Projection is done with a nn.Linear layer that maps from d_model to vocab_size. Finally, log_softmax converts it into a probability distribution. I’ve used a config class as a method to instantiate my transformer class. The values have been set to whatever the paper mentioned.
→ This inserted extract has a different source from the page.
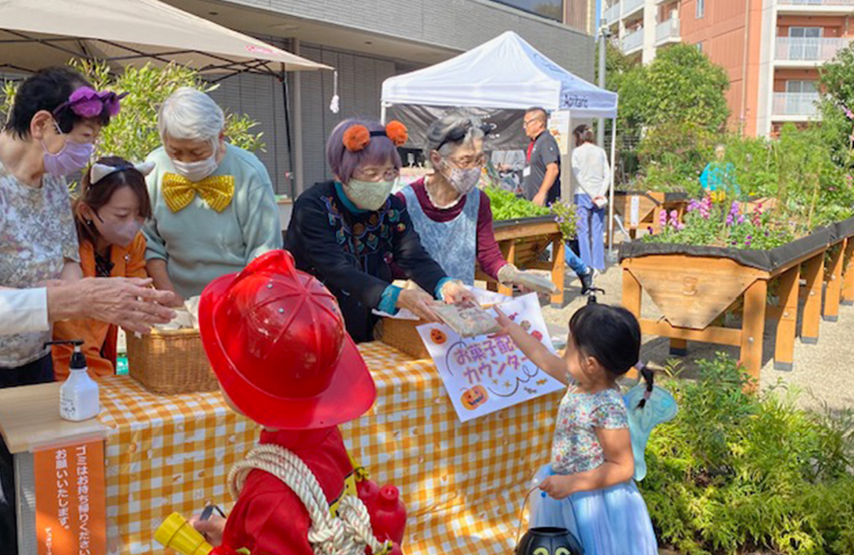 入居者と地域の子どもたちとの触れ合いの場となっているハロウィンイベントは、入居者も楽しみにしている毎年恒例のイベントです。
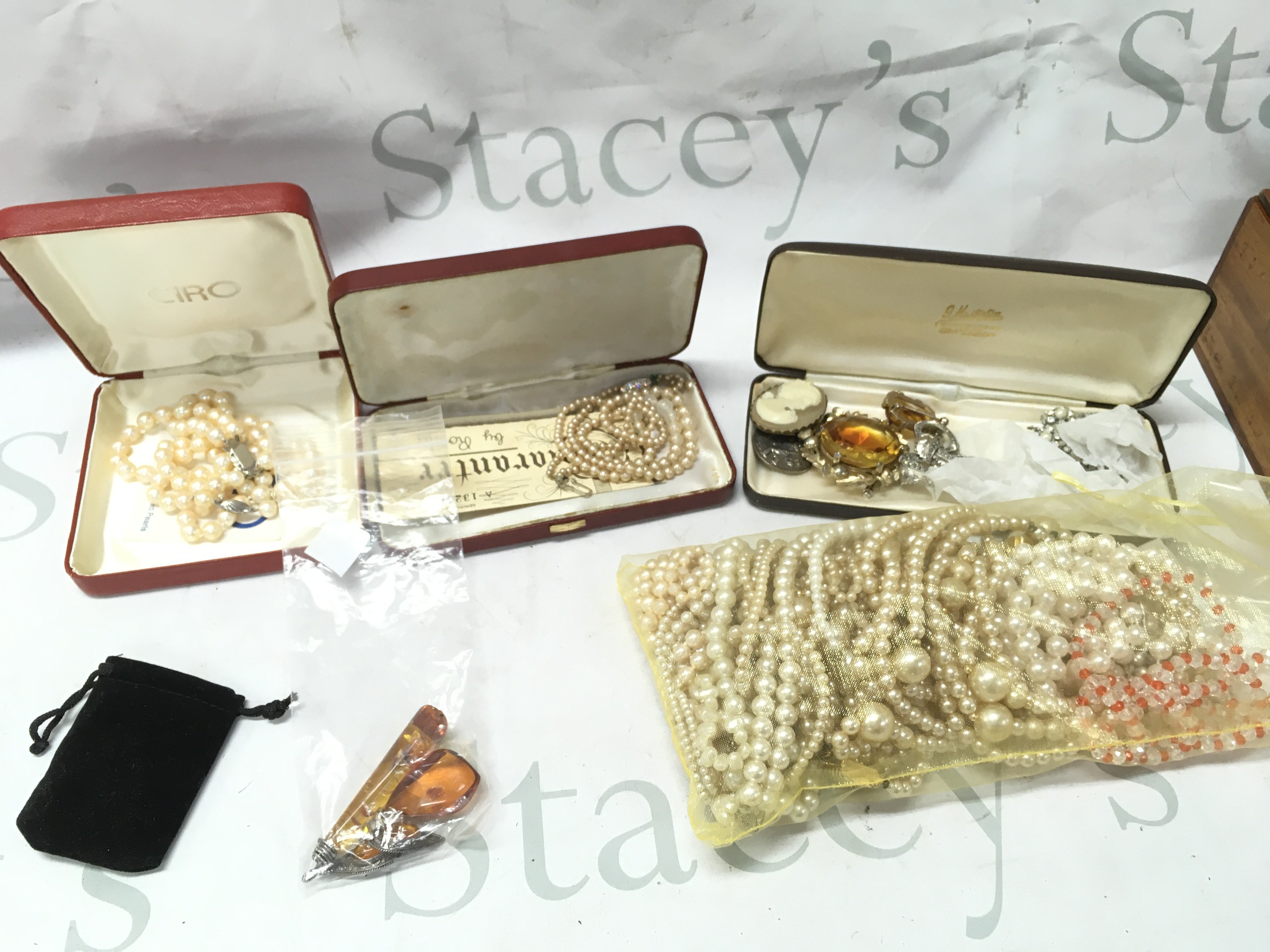 A mixed collection of costume jewellery including necklaces, brooches etc

Here is the implementation of the final Transformer:
@dataclass
class TransformerConfig:
d_model: int = 512
vocab_size_src: int = 30000
vocab_size_tgt: int = 30000
num_layers: int = 6
num_heads: int = 8
d_ff: int = 2048
dropout: float = 0.1
max_len: int = 5000
class Transformer(nn.Module):
def __init__(self, cfg: TransformerConfig) -> None:
super().__init__()
self.input_scaled_emb = ScaledEmbedding(cfg.d_model, cfg.vocab_size_src)
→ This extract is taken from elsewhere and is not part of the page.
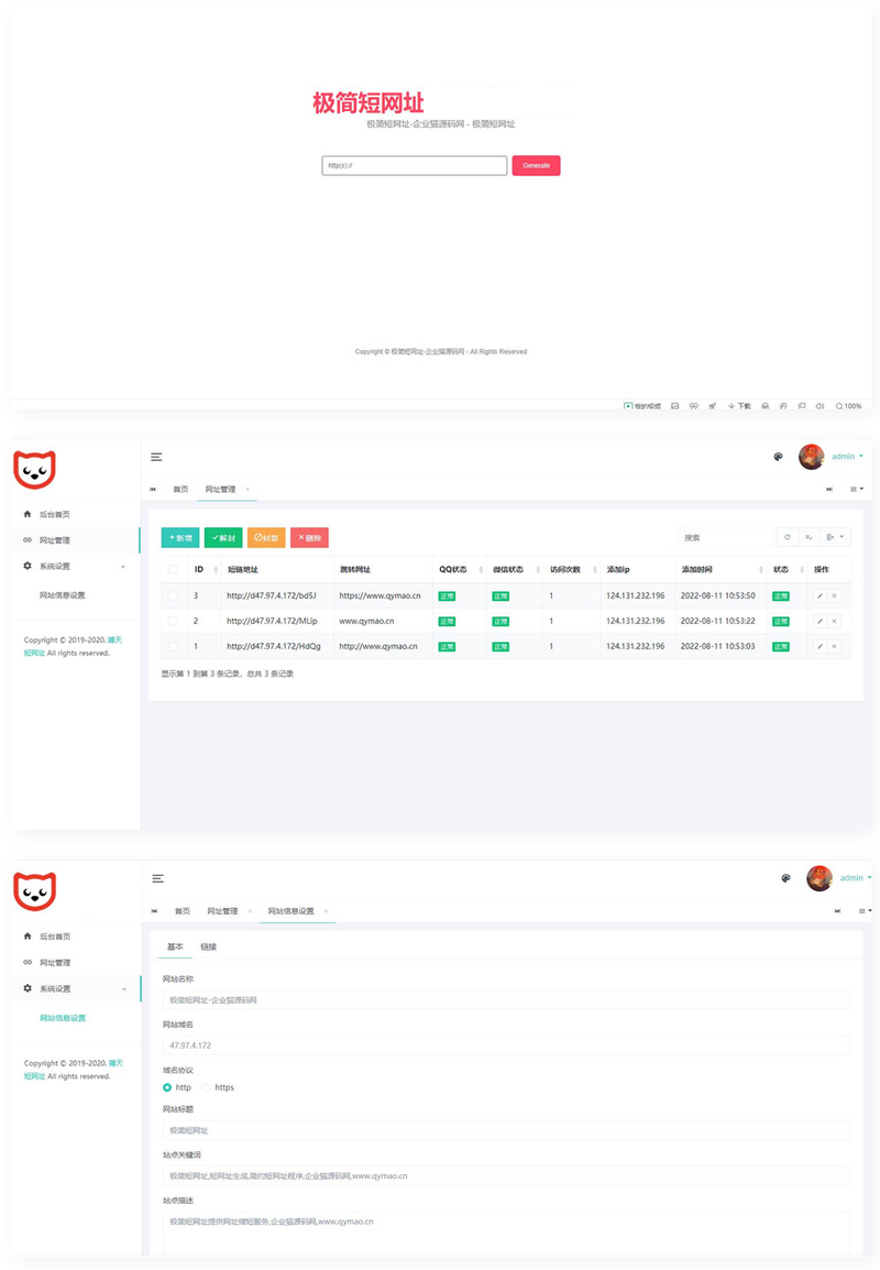 前两年流行的新浪短网址和一些小站长搭建的短网址基本都gg了, 想要一个既稳定又好用的短网址系统只有自己搭建了,今天给大家分享一个很好用的短网址系统, 本系统是国内程序员开发,后台简洁,适合自用 图片: 资源下载此资源下载价格为6.6U点点击检测网盘有效后购买,VIP免费立即升级客服QQ:305582964 联系邮箱:305582964@qq.com
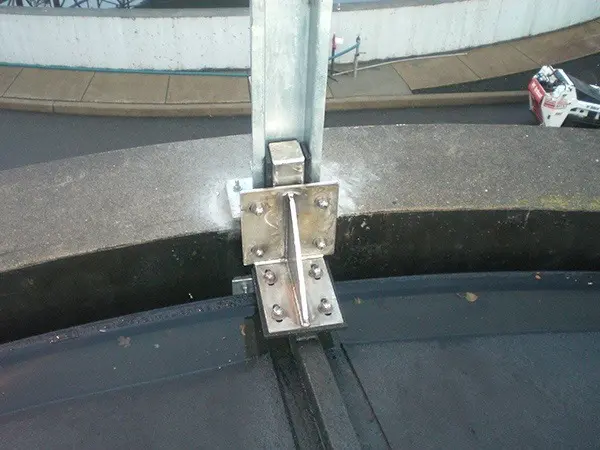 Slide guides allow the cover to travel above the tank wall, thus increasing gas storage at high liquid levels. Ultra-High Molecular Weight (UHMW) polyethylene slide plates, used on three sides of the structural steel tube, prevent covers from tipping and binding as they move vertically within the tank. They resist wind, seismic, and unbalanced loads in both radial and tangential directions. The durable, low-friction UHMW surfaces remove the need for lubrication, enabling maintenance-free operation.

self.output_scaled_emb = ScaledEmbedding(cfg.d_model, cfg.vocab_size_tgt)
self.input_pos_enc = PositionalEncoding(cfg.d_model, cfg.max_len)
self.output_pos_enc = PositionalEncoding(cfg.d_model, cfg.max_len)
self.encoder = Encoder(
cfg.d_model,
cfg.vocab_size_src,
cfg.max_len,
cfg.num_heads,
cfg.d_ff,
cfg.num_layers,
cfg.dropout,
)
self.decoder = Decoder(
cfg.d_model,
cfg.vocab_size_tgt,
cfg.max_len,
cfg.num_heads,
cfg.d_ff,
cfg.num_layers,
cfg.dropout,
)
self.input_emb_dropout = nn.Dropout(0.1)
self.output_emb_dropout = nn.Dropout(0.1)
self.projection_linear = nn.Linear(cfg.d_model, cfg.vocab_size_tgt)
def encode(self, x: torch.Tensor, mask: torch.Tensor | None) -> torch.Tensor:
x = self.input_scaled_emb(x) # (batch_size, seq_len, d_model)
x = self.input_pos_enc(x) # (batch_size, seq_len, d_model)
x = self.input_emb_dropout(x)
x = self.encoder(x, mask) # (batch_size, seq_len, d_model)
return x
def decode(
self,
x: torch.Tensor,
encoder_output: torch.Tensor,
src_mask: torch.Tensor | None,
tgt_mask: torch.Tensor | None,
) -> torch.Tensor:
x = self.output_scaled_emb(x) # (batch_size, seq_len, d_model)
x = self.output_pos_enc(x) # (batch_size, seq_len, d_model)
x = self.output_emb_dropout(x)
x = self.decoder(
x, encoder_output, src_mask, tgt_mask
) # (batch_size, seq_len, d_model)
return x
def project(self, x: torch.Tensor) -> torch.Tensor:
x = self.projection_linear(x) # (batch_size, seq_len, vocab_size)
x = torch.log_softmax(x, dim=-1) # (batch_size, seq_len, vocab_size)
return x
That concludes this blog post. Might be updated soon with results after training on a real dataset. Feel free to comment, and correct any mistakes I have made.